1. The name of the breed is Cream Legbar. Calling them "Crested" is unnecessary. A knowledgable private breeder will call them Cream Legbars. If a private breeder calls them Crested, or CCL, I will assume they don't know what they're doing and look elsewhere.

2. Most birds sold as Cream Legbars aren't actually the correct color. What most people get are Golden Crele Legbars. The cream gene that is responsible for the cream coloring is a recessive gene and requires a copy of the gene from BOTH parents in order to express itself. Hatcheries aren't breeding selectively and they don't care about proper color.

3. You cannot tell the difference between a Cream Legbar and a Golden Crele Legbar by the chick down color at hatch. You also cannot tell whether a Golden Crele Legbar is carrying a single copy of the cream gene and could produce a true Cream if mated to another bird also hiding a single copy.

4. Adding to the color challenges in this breed is a tendency to carry a gene (or a combination of genes) responsible for over melanization of the plumage. Black crest feathers are a sure sign. Autosomal red is a term you will find discussed among serious breeders too. Over melanized or autosomal red expressions should be culled out of breeding flocks. Again, hatcheries don't care.

5. Good stock will have clearly defined autosexing traits at hatch. Anything that does not appear to be clearly male or clearly female at hatch should be culled from breeding stock. Hatcheries don't care, and didn't care when they selected their stock.

6. Not all Cream or Golden Crele Legbars lay blue eggs. There have only been 5 imports of this breed to the US - A, B, C, Rees1 and Rees2. The importation of the Rees line of legbars includes green egg layers. The Rees lines have infiltrated the A, B, and C lines, so there's no guarantee your hatchery stock will lay blue.

7. Cream Legbars have not been recognized as a breed by the APA (American Poultry Association). They do not have a solid breed standard of perfection (SOP) for breeders to go by. There is a proposed SOP, but it will likely be revised before the breed ever gains recognition. This creates a bit of a wild west approach to breeding. Talk to a knowledgeable breeder about what their personal SOP is, and what their breeding goals are.

8. Cream Legbars should be fleshy, robust birds. Most of the hatchery stock is lean and smaller than the proposed or European standard.

9. I have now learned that any Cream or Golden Crele Legbars I will be purchasing in the future will come from a knowledgeable breeder whose stock is at least close to the proposed SOP or the European SOP. The birds should breed true at least 50% of the time.

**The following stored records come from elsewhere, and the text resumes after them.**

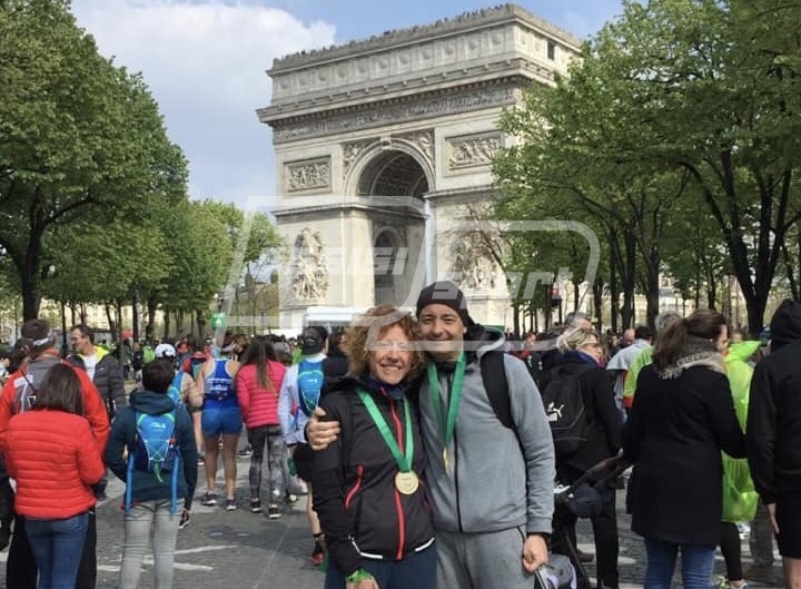 Nella foto in evidenza, Simona Diosono e Maurizio De Falco contenti del traguardo ottenuto, posano con la medaglia da Finischer davanti all’Arco di Trionfo, simbolo Parigino dove parte ed arriva la maratona.
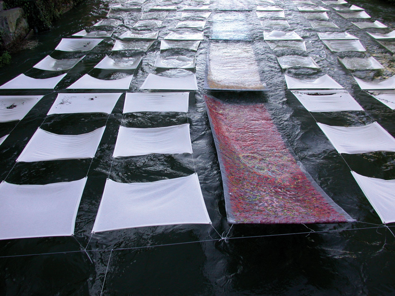 das objekt befand sich 10 tage im wasser, die ursprünglich homogenen tücher gewannen individuelle gestalt.
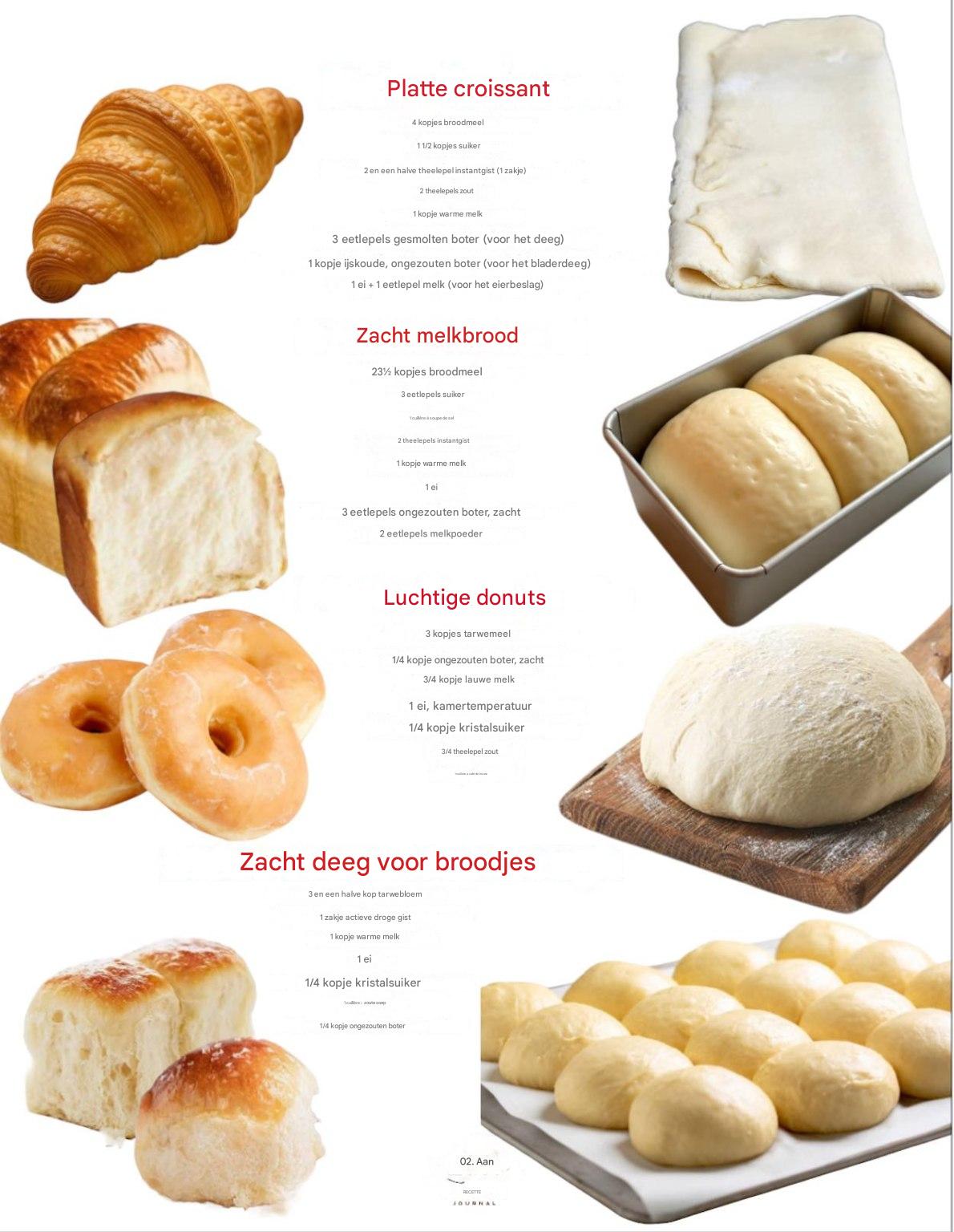 Rol het deeg uit tot een rechthoek, leg een blokje boter in het midden en vouw het als een envelop. Druk het plat, vouw een derde laag eroverheen en kneed. Herhaal dit 3 keer (de klassieke 3 porties). Laat het deeg tussen de vouwbeurten altijd 20 tot 30 minuten in de koelkast rusten. Rol het deeg uit tot een grote rechthoek (ongeveer 0,6 cm dik). Snijd het deeg in lange driehoeken en rol elke driehoek strak op van onder naar boven tot croissants.
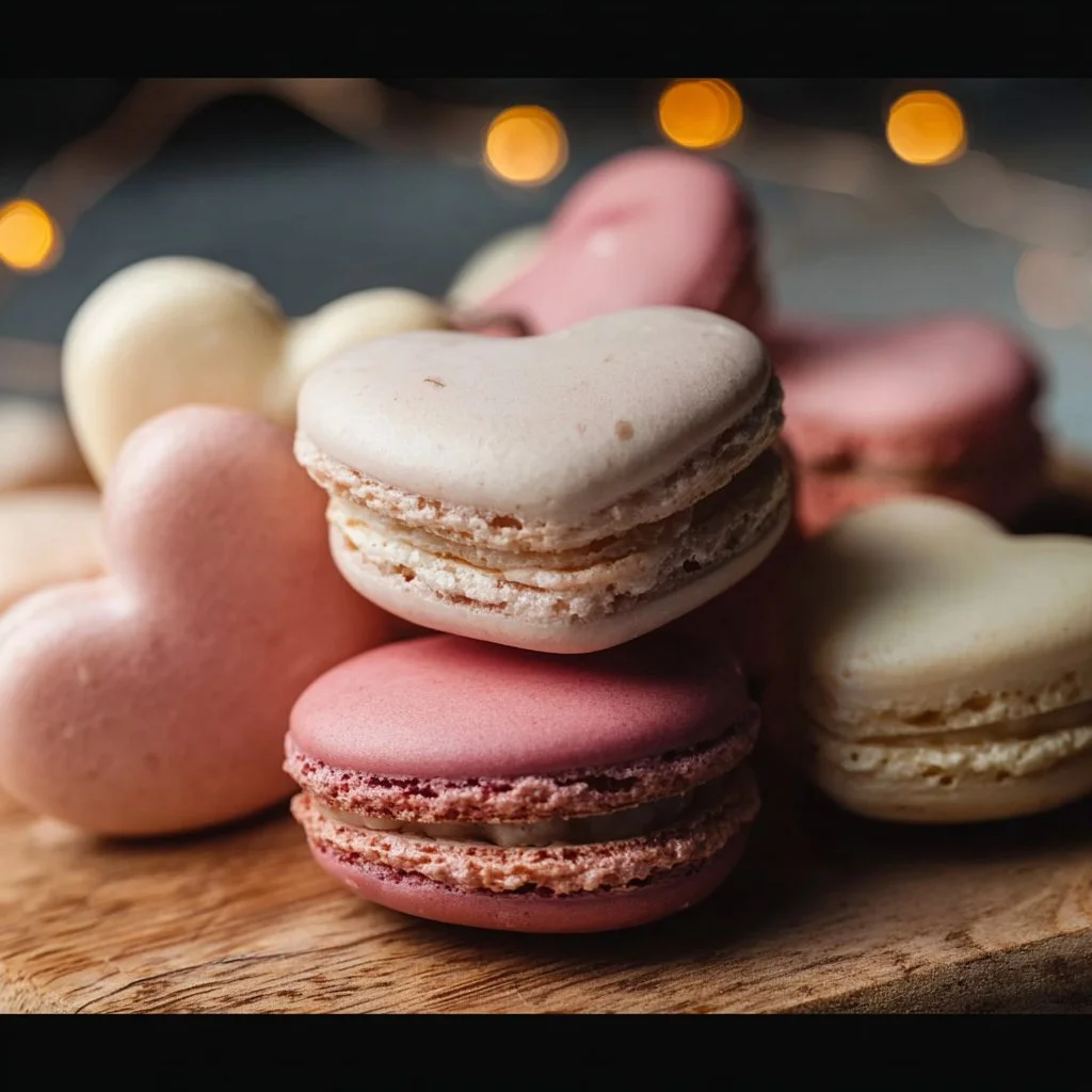 Delicate heart-shaped macarons with a crispy exterior and rich buttercream filling, perfect for special occasions.
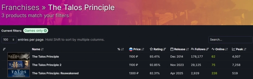 1 фотоМестный пиковый онлайн The Talos Principle: Reawakened вышел скромным — 519 игроков одновременно. Оригинал в своё время привлёк более 4 тыс игроков одновременно.
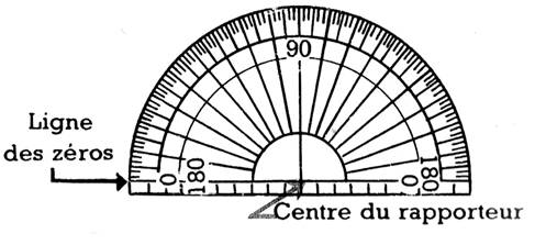 1 angle droit vaut 90° l’angle ; plat formé par la ligne des zéros
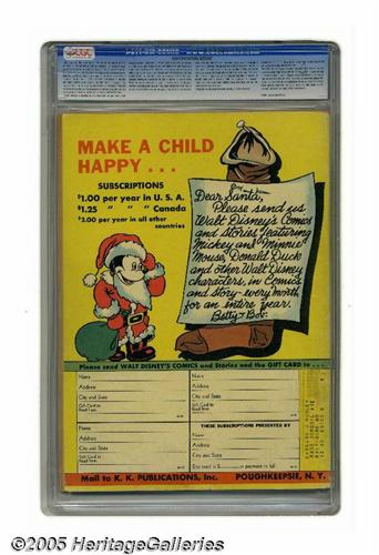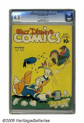 <B>Walt Disney's Comics and Stories #2 (Dell, 1942) CGC VG+ 4.5 Cream to off-white pages.</B></I> While we've got just about everything a Dell fan can dream of in this auction, this book stands as one of the highlights. We see this issue, which features Donald Duck and Mickey Mouse, even less often than the sought-after #1! Overstreet 2005 VG 4.0 value = $1,142. CGC census 3/05: 1 in 4.5, 4 higher.
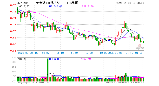 1月30日,创新药ETF易方达(516080)跌1.05%,成交额3105.98万元。当日份额增加1700.00万份,最新份额为17.76亿份,近20个交易日份额增加3.10亿份。最新资产净值计算值为11.72亿元。
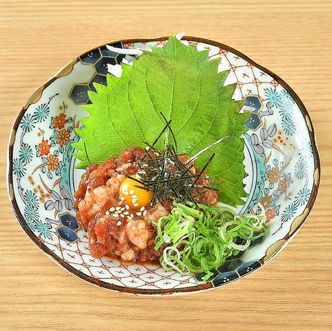 - ※突き出し360円(税込396円)頂戴します。※素材・盛り付けにより、料理イラストと多少イメージが異なる場合もございます。※食物アレルギーをお持ちのお客様はスタッフにお知らせください。※(1)一般的に食肉の生食は食中毒のリスクがございます。※(2)お子様、高齢者の方、その他食中毒に対する抵抗力の弱い方は生食をお控えください。
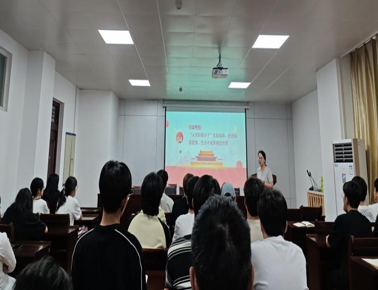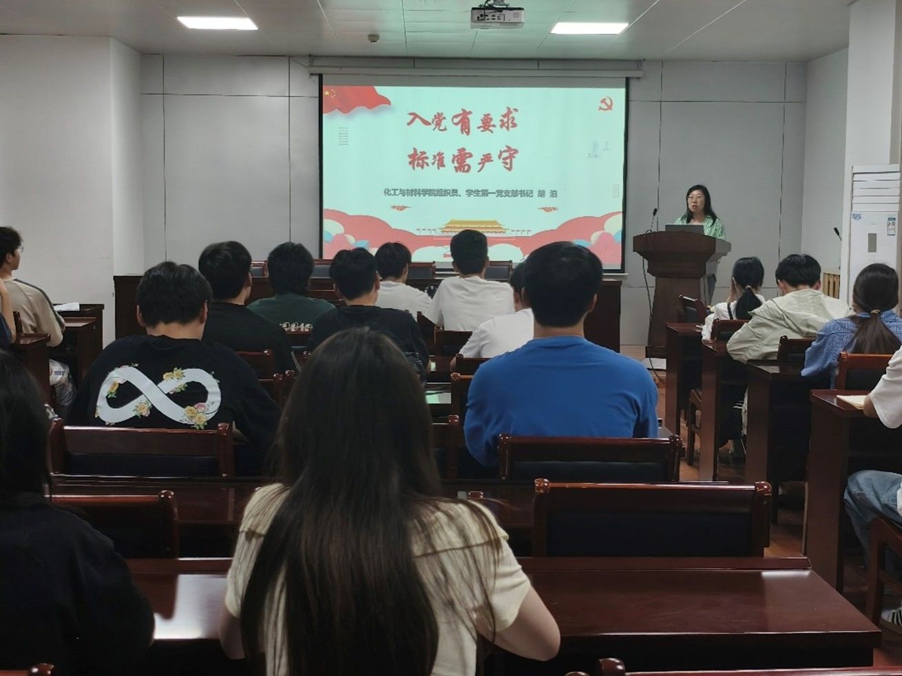 院组织员、学生第一支部书记胡泊老师主讲培训第二讲:大学生入党程序和标准,以及铸牢中华民族共同体意识。从“了解中国共产党”“入党条件”等方面展开讲述,使同学们对入党所需个人能力及行为作风要求、身为共产党员所要秉持的信仰和担负的责任有了更加明确的认知,同时要求作为积极分子要铸牢中华民族共同体意识,促进民族团结。

Out of the 21 hatchery stock "Cream Legbar" I got this year, 3 were not purebred, 5 were poorly marked at hatch, one was lost due to failure to thrive, two had outrageous autosomal red, several are over melanized, and I think the rest are Golden Crele. I did end up with one pullet that appears to be the correct color. The 6 I ended up keeping are very sweet little girls, but if I could do it all over again, I would have done things differently.